--- Dataset records Enclosed Below ---
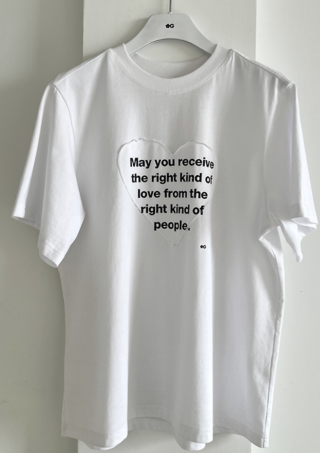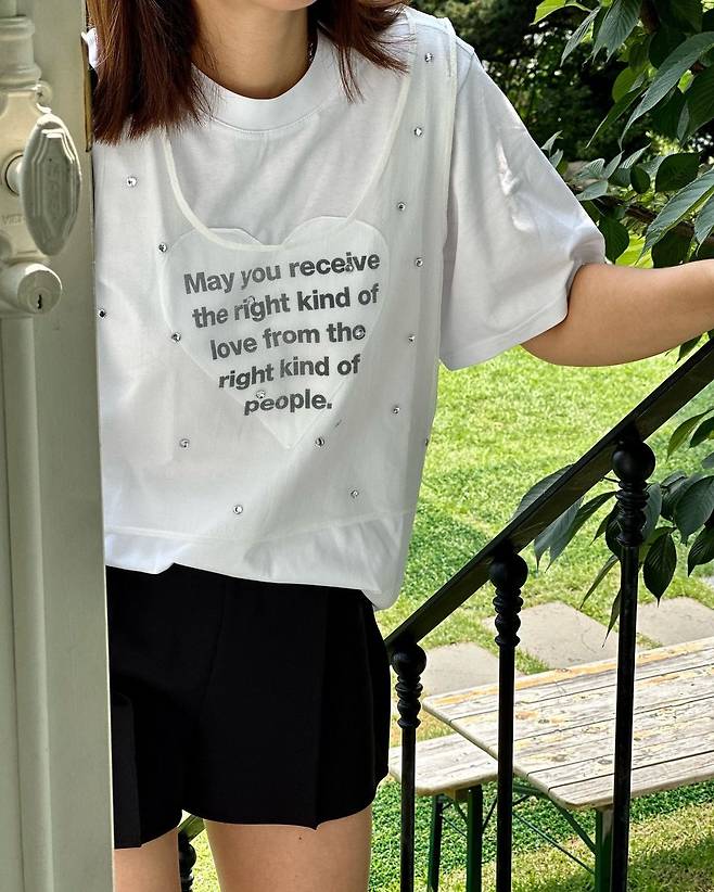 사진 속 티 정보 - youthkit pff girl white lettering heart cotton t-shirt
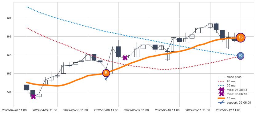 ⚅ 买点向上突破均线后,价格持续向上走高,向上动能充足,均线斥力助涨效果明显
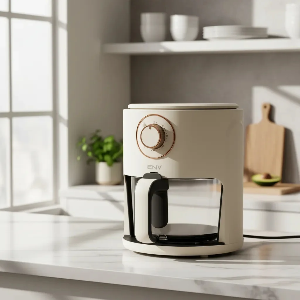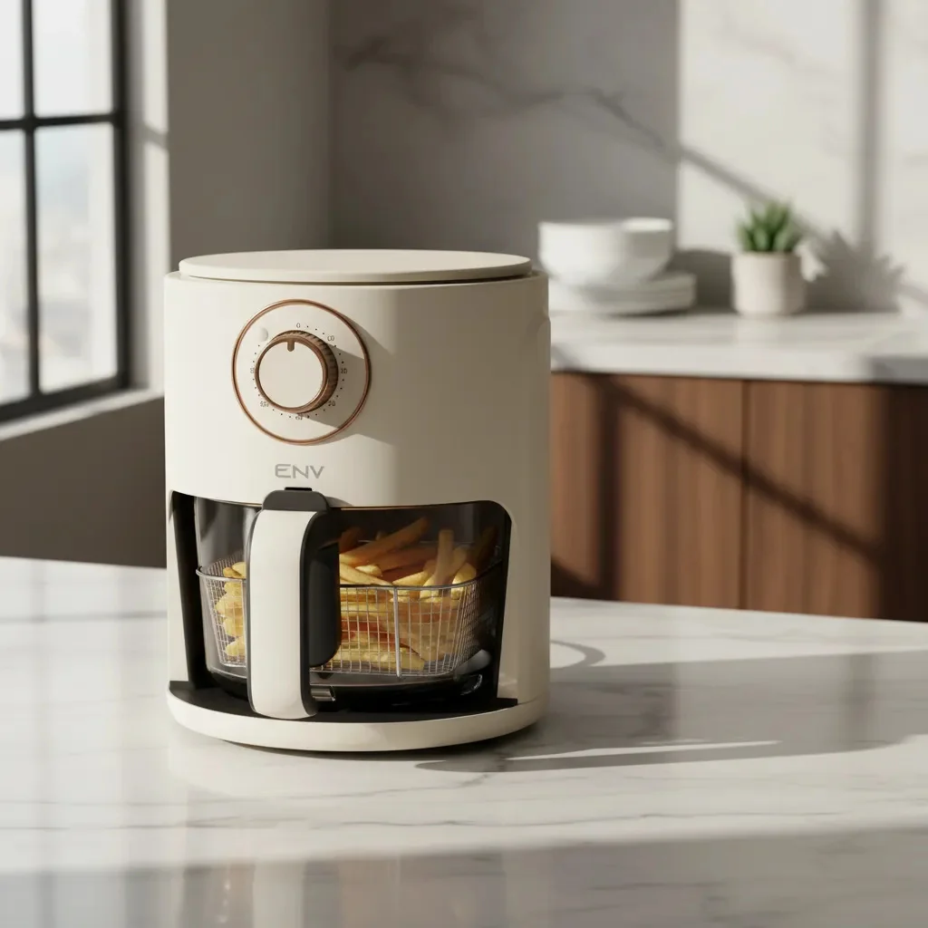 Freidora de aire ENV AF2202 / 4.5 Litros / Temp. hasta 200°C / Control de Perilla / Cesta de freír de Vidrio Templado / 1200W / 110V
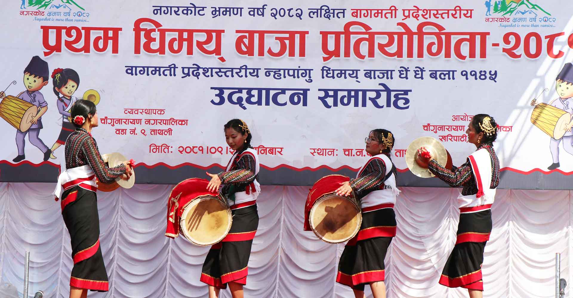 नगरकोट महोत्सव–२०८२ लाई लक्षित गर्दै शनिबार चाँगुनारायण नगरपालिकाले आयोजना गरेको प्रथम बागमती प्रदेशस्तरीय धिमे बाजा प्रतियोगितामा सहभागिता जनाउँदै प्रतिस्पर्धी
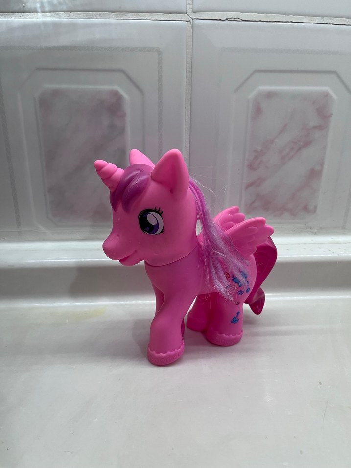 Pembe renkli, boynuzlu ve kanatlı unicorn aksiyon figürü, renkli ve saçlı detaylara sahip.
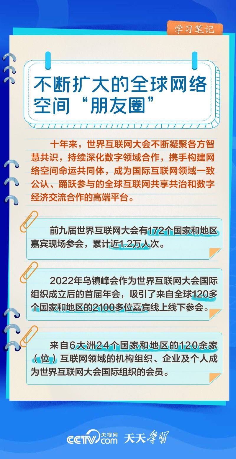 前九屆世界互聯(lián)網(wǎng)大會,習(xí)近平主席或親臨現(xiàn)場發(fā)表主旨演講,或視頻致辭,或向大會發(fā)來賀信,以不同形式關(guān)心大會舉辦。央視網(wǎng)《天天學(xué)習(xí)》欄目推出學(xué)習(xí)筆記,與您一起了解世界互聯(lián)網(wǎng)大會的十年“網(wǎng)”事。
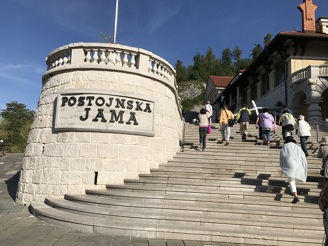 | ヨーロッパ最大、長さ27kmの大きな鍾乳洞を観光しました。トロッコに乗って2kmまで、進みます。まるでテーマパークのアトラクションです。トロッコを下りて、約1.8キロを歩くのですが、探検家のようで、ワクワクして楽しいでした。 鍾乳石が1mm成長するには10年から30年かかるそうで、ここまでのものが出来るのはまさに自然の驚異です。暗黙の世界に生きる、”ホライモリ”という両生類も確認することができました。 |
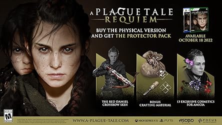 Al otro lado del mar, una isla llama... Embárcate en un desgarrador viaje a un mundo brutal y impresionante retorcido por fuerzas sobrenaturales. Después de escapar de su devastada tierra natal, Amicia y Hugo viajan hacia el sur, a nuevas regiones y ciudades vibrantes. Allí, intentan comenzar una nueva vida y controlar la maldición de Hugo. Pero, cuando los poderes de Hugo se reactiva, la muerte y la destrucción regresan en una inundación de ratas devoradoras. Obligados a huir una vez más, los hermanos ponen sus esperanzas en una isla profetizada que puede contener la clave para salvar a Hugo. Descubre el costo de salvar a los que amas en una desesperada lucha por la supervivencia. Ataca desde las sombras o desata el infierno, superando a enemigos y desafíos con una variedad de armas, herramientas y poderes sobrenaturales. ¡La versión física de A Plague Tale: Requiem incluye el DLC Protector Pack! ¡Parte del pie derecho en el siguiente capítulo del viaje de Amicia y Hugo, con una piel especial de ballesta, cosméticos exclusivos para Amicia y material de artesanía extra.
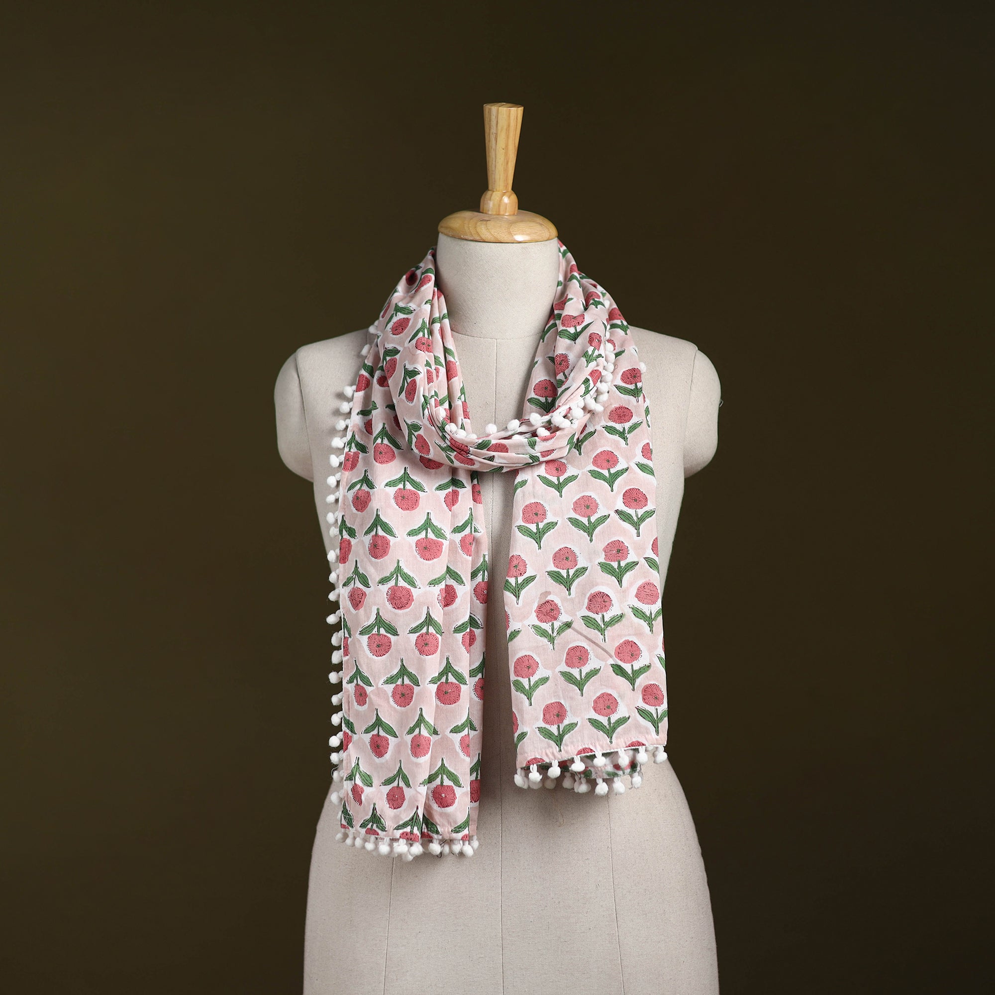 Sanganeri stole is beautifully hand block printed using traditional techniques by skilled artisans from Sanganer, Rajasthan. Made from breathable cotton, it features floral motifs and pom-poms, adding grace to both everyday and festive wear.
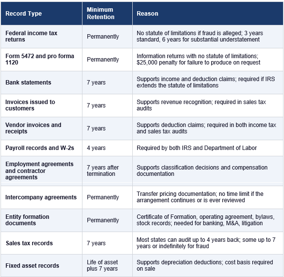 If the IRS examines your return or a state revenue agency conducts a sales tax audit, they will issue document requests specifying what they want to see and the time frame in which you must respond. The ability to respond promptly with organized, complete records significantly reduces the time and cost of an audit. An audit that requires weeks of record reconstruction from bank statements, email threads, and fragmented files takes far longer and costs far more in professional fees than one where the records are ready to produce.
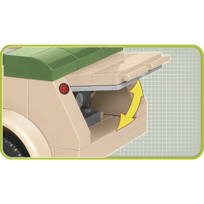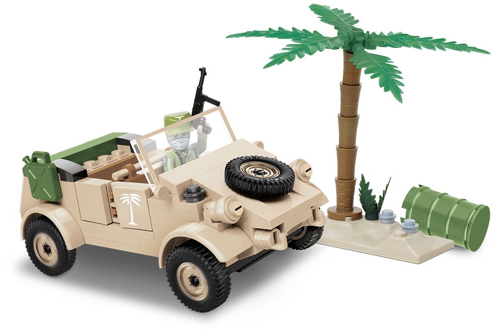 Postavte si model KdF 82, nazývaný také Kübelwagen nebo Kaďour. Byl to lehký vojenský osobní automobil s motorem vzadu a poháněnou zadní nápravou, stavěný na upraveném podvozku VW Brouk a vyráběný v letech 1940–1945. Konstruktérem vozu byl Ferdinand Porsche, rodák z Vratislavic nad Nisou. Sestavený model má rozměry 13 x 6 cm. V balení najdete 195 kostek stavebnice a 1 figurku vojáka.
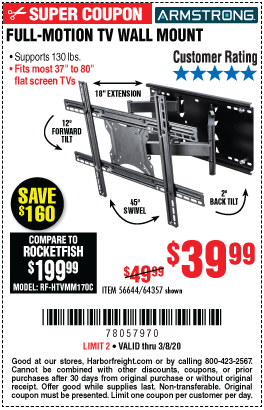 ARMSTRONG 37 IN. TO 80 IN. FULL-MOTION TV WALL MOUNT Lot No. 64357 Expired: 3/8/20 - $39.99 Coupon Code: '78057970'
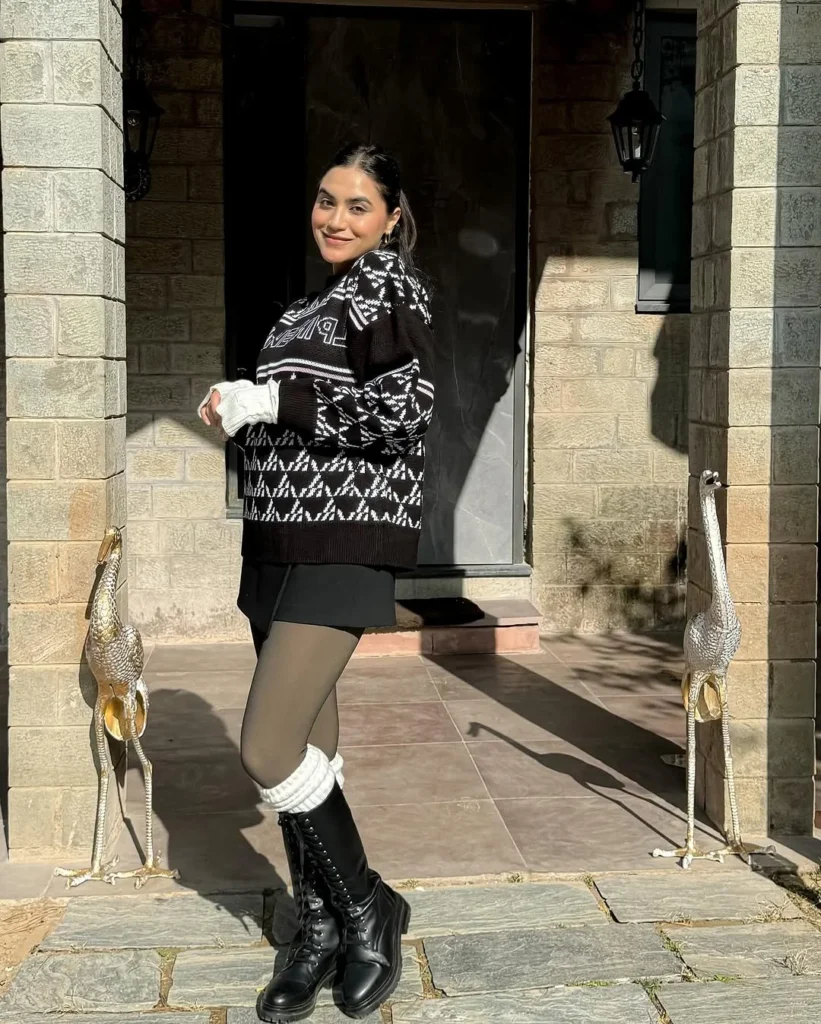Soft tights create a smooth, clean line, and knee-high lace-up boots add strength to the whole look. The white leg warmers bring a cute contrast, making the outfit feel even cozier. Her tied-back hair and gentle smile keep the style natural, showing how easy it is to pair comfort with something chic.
--- End of Enclosed Dataset records ---
** Your goal **
Repeat the records word for word. Any picture in them should be left out.

** Response area **
 사진 속 티 정보 - youthkit pff girl white lettering heart cotton t-shirt
 ⚅ 买点向上突破均线后,价格持续向上走高,向上动能充足,均线斥力助涨效果明显
 Freidora de aire ENV AF2202 / 4.5 Litros / Temp. hasta 200°C / Control de Perilla / Cesta de freír de Vidrio Templado / 1200W / 110V
 नगरकोट महोत्सव–२०८२ लाई लक्षित गर्दै शनिबार चाँगुनारायण नगरपालिकाले आयोजना गरेको प्रथम बागमती प्रदेशस्तरीय धिमे बाजा प्रतियोगितामा सहभागिता जनाउँदै प्रतिस्पर्धी
 Pembe renkli, boynuzlu ve kanatlı unicorn aksiyon figürü, renkli ve saçlı detaylara sahip.
 前九屆世界互聯(lián)網(wǎng)大會,習(xí)近平主席或親臨現(xiàn)場發(fā)表主旨演講,或視頻致辭,或向大會發(fā)來賀信,以不同形式關(guān)心大會舉辦。央視網(wǎng)《天天學(xué)習(xí)》欄目推出學(xué)習(xí)筆記,與您一起了解世界互聯(lián)網(wǎng)大會的十年“網(wǎng)”事。
 | ヨーロッパ最大、長さ27kmの大きな鍾乳洞を観光しました。トロッコに乗って2kmまで、進みます。まるでテーマパークのアトラクションです。トロッコを下りて、約1.8キロを歩くのですが、探検家のようで、ワクワクして楽しいでした。 鍾乳石が1mm成長するには10年から30年かかるそうで、ここまでのものが出来るのはまさに自然の驚異です。暗黙の世界に生きる、”ホライモリ”という両生類も確認することができました。 |
 Al otro lado del mar, una isla llama... Embárcate en un desgarrador viaje a un mundo brutal y impresionante retorcido por fuerzas sobrenaturales. Después de escapar de su devastada tierra natal, Amicia y Hugo viajan hacia el sur, a nuevas regiones y ciudades vibrantes. Allí, intentan comenzar una nueva vida y controlar la maldición de Hugo. Pero, cuando los poderes de Hugo se reactiva, la muerte y la destrucción regresan en una inundación de ratas devoradoras. Obligados a huir una vez más, los hermanos ponen sus esperanzas en una isla profetizada que puede contener la clave para salvar a Hugo. Descubre el costo de salvar a los que amas en una desesperada lucha por la supervivencia. Ataca desde las sombras o desata el infierno, superando a enemigos y desafíos con una variedad de armas, herramientas y poderes sobrenaturales. ¡La versión física de A Plague Tale: Requiem incluye el DLC Protector Pack! ¡Parte del pie derecho en el siguiente capítulo del viaje de Amicia y Hugo, con una piel especial de ballesta, cosméticos exclusivos para Amicia y material de artesanía extra.
 Sanganeri stole is beautifully hand block printed using traditional techniques by skilled artisans from Sanganer, Rajasthan. Made from breathable cotton, it features floral motifs and pom-poms, adding grace to both everyday and festive wear.
 If the IRS examines your return or a state revenue agency conducts a sales tax audit, they will issue document requests specifying what they want to see and the time frame in which you must respond. The ability to respond promptly with organized, complete records significantly reduces the time and cost of an audit. An audit that requires weeks of record reconstruction from bank statements, email threads, and fragmented files takes far longer and costs far more in professional fees than one where the records are ready to produce.
 Postavte si model KdF 82, nazývaný také Kübelwagen nebo Kaďour. Byl to lehký vojenský osobní automobil s motorem vzadu a poháněnou zadní nápravou, stavěný na upraveném podvozku VW Brouk a vyráběný v letech 1940–1945. Konstruktérem vozu byl Ferdinand Porsche, rodák z Vratislavic nad Nisou. Sestavený model má rozměry 13 x 6 cm. V balení najdete 195 kostek stavebnice a 1 figurku vojáka.
 ARMSTRONG 37 IN. TO 80 IN. FULL-MOTION TV WALL MOUNT Lot No. 64357 Expired: 3/8/20 - $39.99 Coupon Code: '78057970'
Soft tights create a smooth, clean line, and knee-high lace-up boots add strength to the whole look. The white leg warmers bring a cute contrast, making the outfit feel even cozier. Her tied-back hair and gentle smile keep the style natural, showing how easy it is to pair comfort with something chic.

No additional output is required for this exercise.